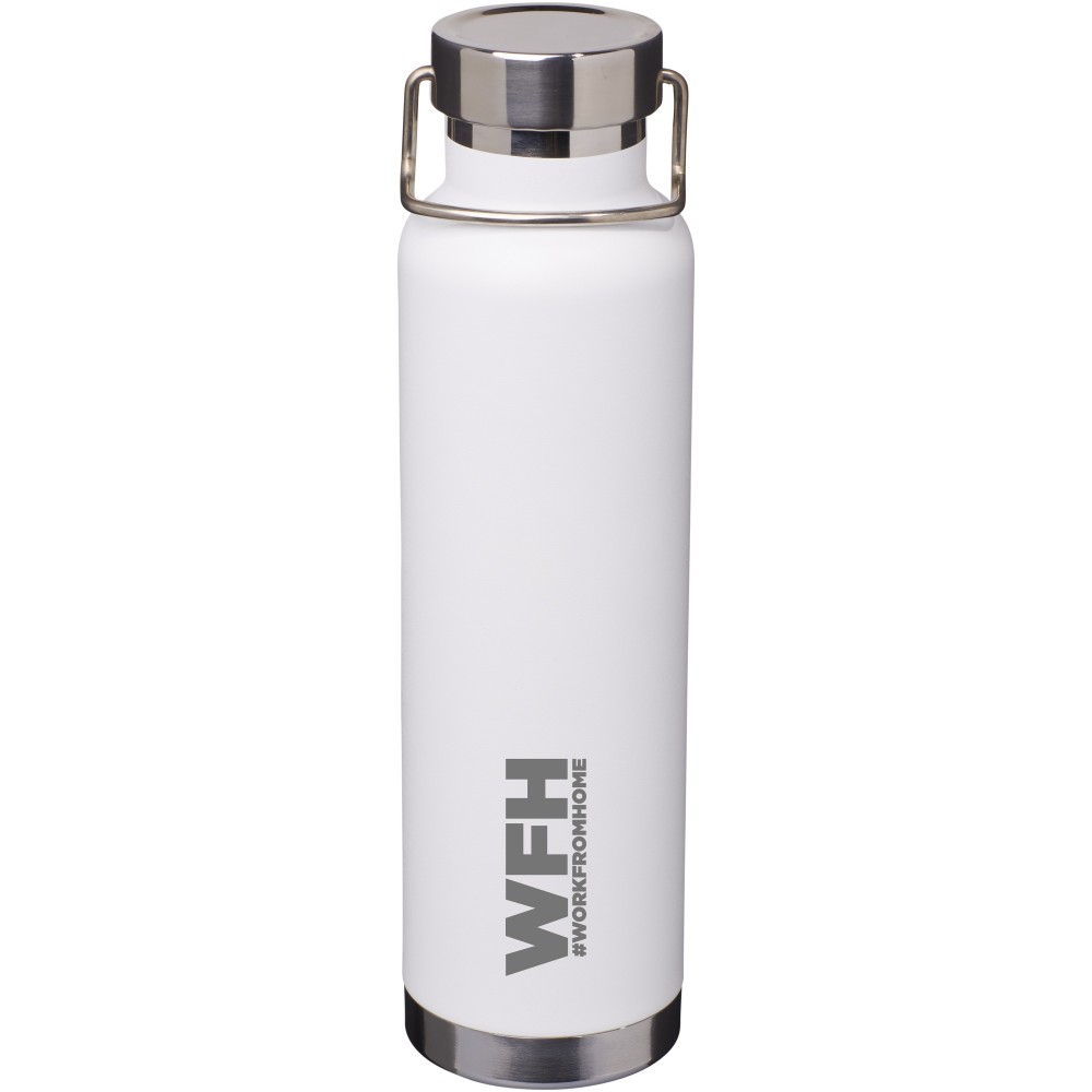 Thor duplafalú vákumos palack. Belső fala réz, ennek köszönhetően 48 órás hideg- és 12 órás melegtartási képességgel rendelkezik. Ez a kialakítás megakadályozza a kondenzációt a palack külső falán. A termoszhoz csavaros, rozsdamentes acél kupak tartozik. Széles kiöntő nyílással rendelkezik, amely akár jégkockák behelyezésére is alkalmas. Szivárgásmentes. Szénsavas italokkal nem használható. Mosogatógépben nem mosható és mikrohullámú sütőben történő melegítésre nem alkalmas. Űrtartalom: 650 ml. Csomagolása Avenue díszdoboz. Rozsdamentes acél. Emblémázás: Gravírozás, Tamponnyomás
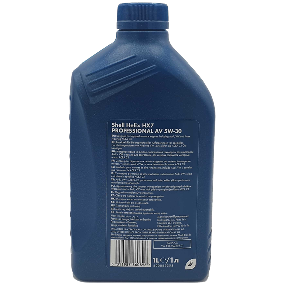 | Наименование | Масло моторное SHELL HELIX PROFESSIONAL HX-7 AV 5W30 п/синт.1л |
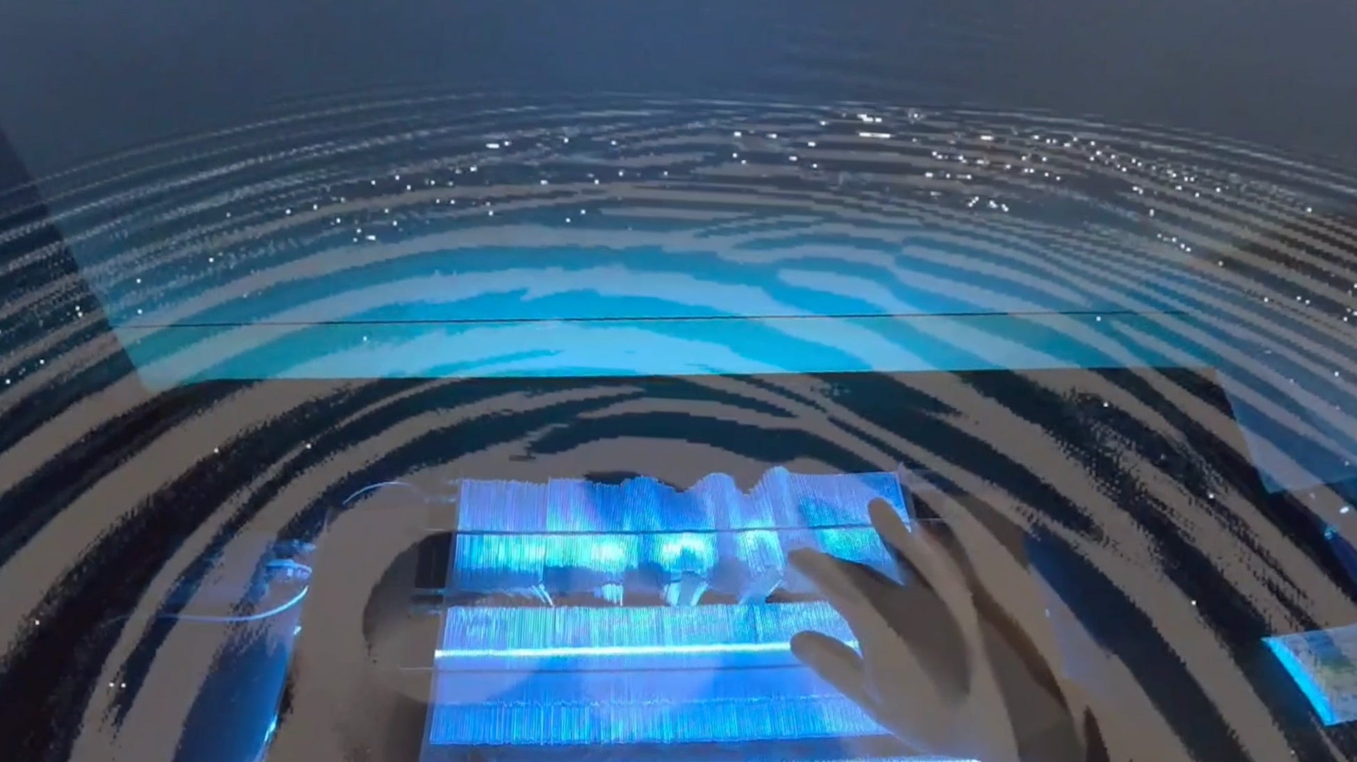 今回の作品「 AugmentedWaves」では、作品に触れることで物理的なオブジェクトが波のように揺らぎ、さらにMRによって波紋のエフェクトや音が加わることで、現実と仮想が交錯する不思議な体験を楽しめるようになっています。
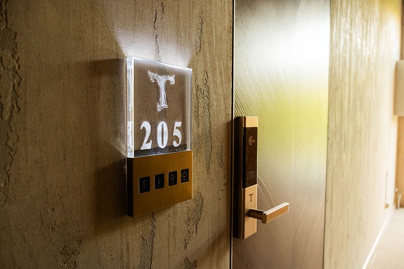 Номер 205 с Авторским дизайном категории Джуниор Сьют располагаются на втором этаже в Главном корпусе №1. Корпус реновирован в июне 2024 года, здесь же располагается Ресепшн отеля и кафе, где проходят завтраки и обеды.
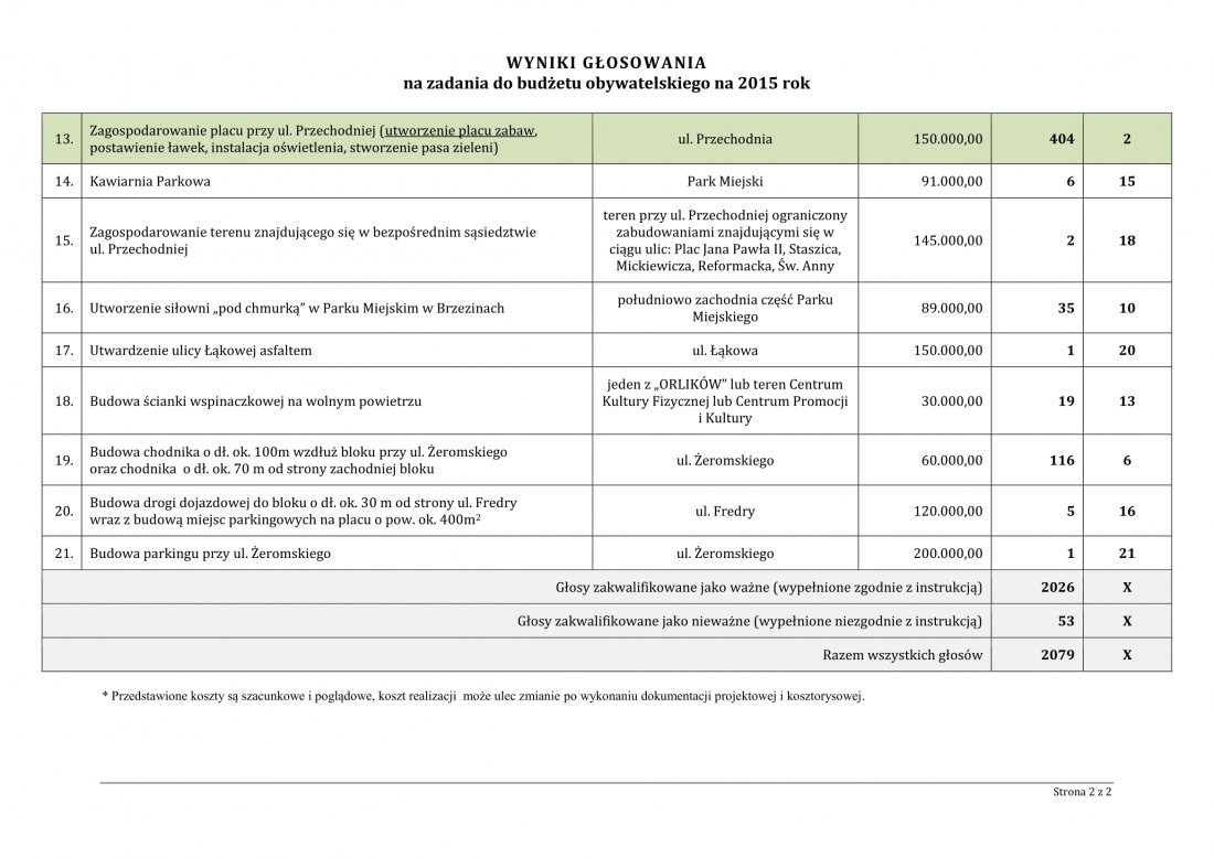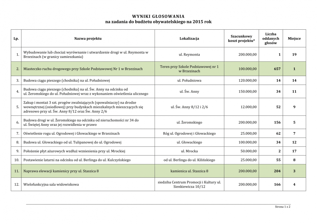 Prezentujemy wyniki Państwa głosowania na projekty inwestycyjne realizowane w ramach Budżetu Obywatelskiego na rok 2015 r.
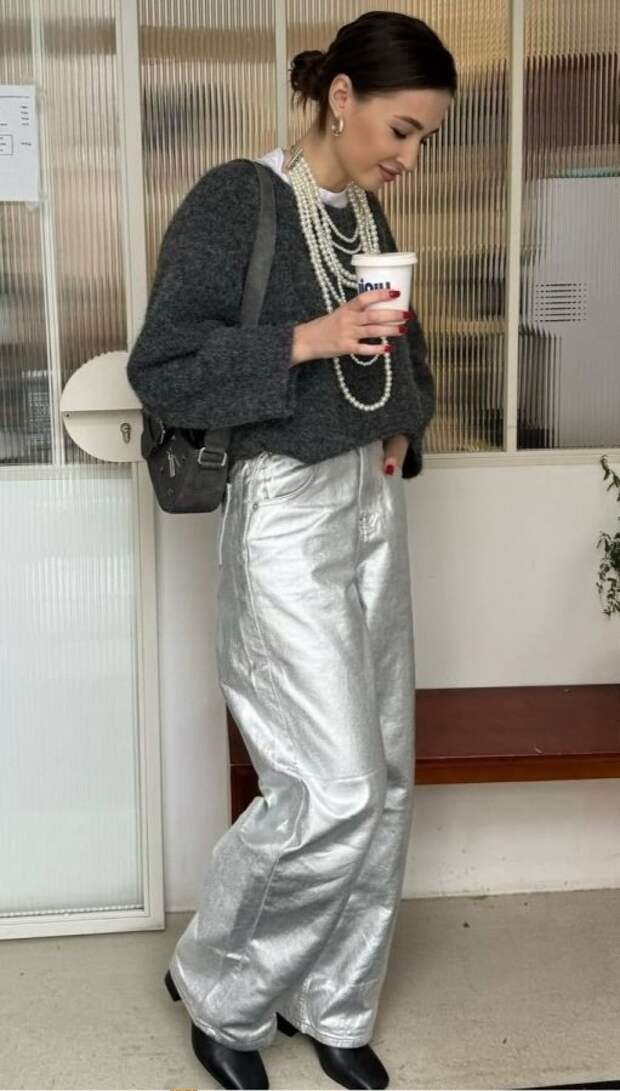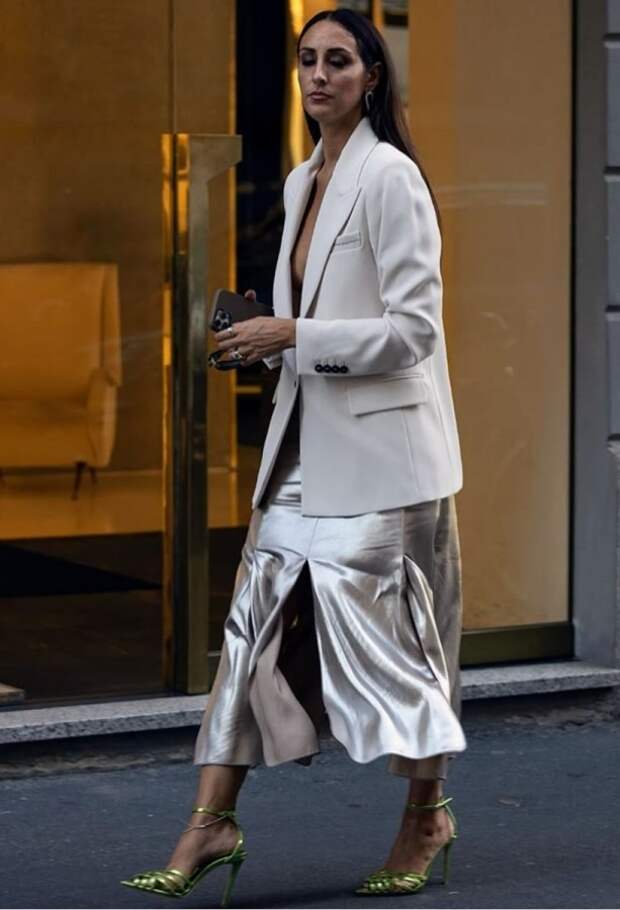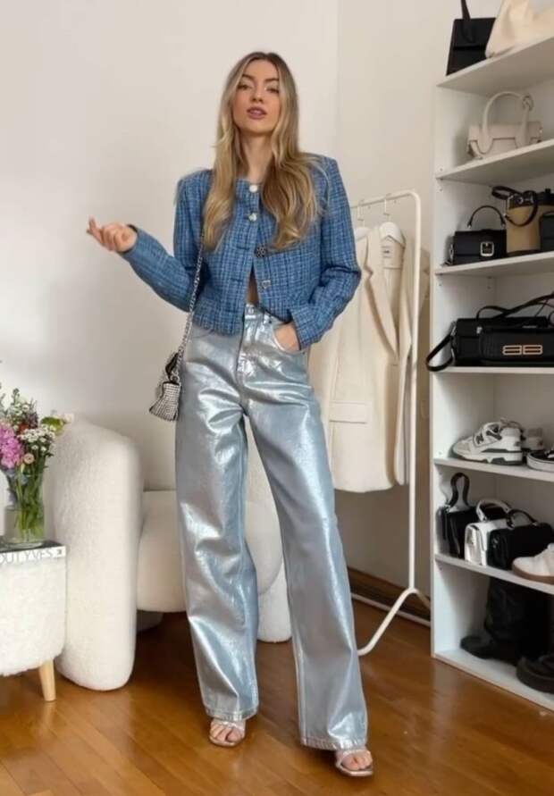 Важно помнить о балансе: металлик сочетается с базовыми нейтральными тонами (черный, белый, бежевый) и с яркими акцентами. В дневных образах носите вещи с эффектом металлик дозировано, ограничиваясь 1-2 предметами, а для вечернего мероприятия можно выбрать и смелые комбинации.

_What is required_
Repeat each record exactly as shown above, dropping all images.

_Response_
 Thor duplafalú vákumos palack. Belső fala réz, ennek köszönhetően 48 órás hideg- és 12 órás melegtartási képességgel rendelkezik. Ez a kialakítás megakadályozza a kondenzációt a palack külső falán. A termoszhoz csavaros, rozsdamentes acél kupak tartozik. Széles kiöntő nyílással rendelkezik, amely akár jégkockák behelyezésére is alkalmas. Szivárgásmentes. Szénsavas italokkal nem használható. Mosogatógépben nem mosható és mikrohullámú sütőben történő melegítésre nem alkalmas. Űrtartalom: 650 ml. Csomagolása Avenue díszdoboz. Rozsdamentes acél. Emblémázás: Gravírozás, Tamponnyomás
 | Наименование | Масло моторное SHELL HELIX PROFESSIONAL HX-7 AV 5W30 п/синт.1л |
 今回の作品「 AugmentedWaves」では、作品に触れることで物理的なオブジェクトが波のように揺らぎ、さらにMRによって波紋のエフェクトや音が加わることで、現実と仮想が交錯する不思議な体験を楽しめるようになっています。
 Номер 205 с Авторским дизайном категории Джуниор Сьют располагаются на втором этаже в Главном корпусе №1. Корпус реновирован в июне 2024 года, здесь же располагается Ресепшн отеля и кафе, где проходят завтраки и обеды.
 Prezentujemy wyniki Państwa głosowania na projekty inwestycyjne realizowane w ramach Budżetu Obywatelskiego na rok 2015 r.
 Важно помнить о балансе: металлик сочетается с базовыми нейтральными тонами (черный, белый, бежевый) и с яркими акцентами. В дневных образах носите вещи с эффектом металлик дозировано, ограничиваясь 1-2 предметами, а для вечернего мероприятия можно выбрать и смелые комбинации.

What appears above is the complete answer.